Please set the lines down again exactly, from the top of the entries through the line that contains "經查,網傳的消息為不實信息,系劉某杰(男".
------------------------------------------------------------------------
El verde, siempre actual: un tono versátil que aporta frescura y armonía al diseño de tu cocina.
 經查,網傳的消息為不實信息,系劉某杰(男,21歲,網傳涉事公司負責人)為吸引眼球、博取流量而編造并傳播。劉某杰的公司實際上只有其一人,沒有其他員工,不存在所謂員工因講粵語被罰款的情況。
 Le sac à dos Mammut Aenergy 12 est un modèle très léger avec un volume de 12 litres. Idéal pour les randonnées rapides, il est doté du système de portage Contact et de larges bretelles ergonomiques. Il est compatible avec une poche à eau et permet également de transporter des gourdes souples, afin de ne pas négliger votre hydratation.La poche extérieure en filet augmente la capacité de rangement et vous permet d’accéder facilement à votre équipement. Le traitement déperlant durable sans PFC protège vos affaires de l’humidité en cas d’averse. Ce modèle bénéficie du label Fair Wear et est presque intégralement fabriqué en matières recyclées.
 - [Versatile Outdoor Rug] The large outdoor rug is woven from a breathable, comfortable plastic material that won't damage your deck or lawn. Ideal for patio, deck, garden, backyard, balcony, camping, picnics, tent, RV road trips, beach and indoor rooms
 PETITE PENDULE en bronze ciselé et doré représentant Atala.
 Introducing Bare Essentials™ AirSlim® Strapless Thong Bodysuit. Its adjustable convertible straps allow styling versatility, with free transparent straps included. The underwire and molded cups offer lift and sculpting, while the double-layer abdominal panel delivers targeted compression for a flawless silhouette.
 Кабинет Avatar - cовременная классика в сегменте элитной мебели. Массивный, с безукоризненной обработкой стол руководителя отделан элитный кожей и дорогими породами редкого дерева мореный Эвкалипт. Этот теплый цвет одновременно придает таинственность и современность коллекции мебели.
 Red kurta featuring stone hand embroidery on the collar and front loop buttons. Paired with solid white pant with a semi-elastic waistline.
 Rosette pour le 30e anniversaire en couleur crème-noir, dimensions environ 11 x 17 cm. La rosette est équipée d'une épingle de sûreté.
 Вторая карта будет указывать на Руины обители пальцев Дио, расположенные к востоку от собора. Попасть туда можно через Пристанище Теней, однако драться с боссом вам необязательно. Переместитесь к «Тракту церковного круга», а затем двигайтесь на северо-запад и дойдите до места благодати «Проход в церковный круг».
------------------------------------------------------------------------
_EXERCISE OUTPUT_
El verde, siempre actual: un tono versátil que aporta frescura y armonía al diseño de tu cocina.
 經查,網傳的消息為不實信息,系劉某杰(男,21歲,網傳涉事公司負責人)為吸引眼球、博取流量而編造并傳播。劉某杰的公司實際上只有其一人,沒有其他員工,不存在所謂員工因講粵語被罰款的情況。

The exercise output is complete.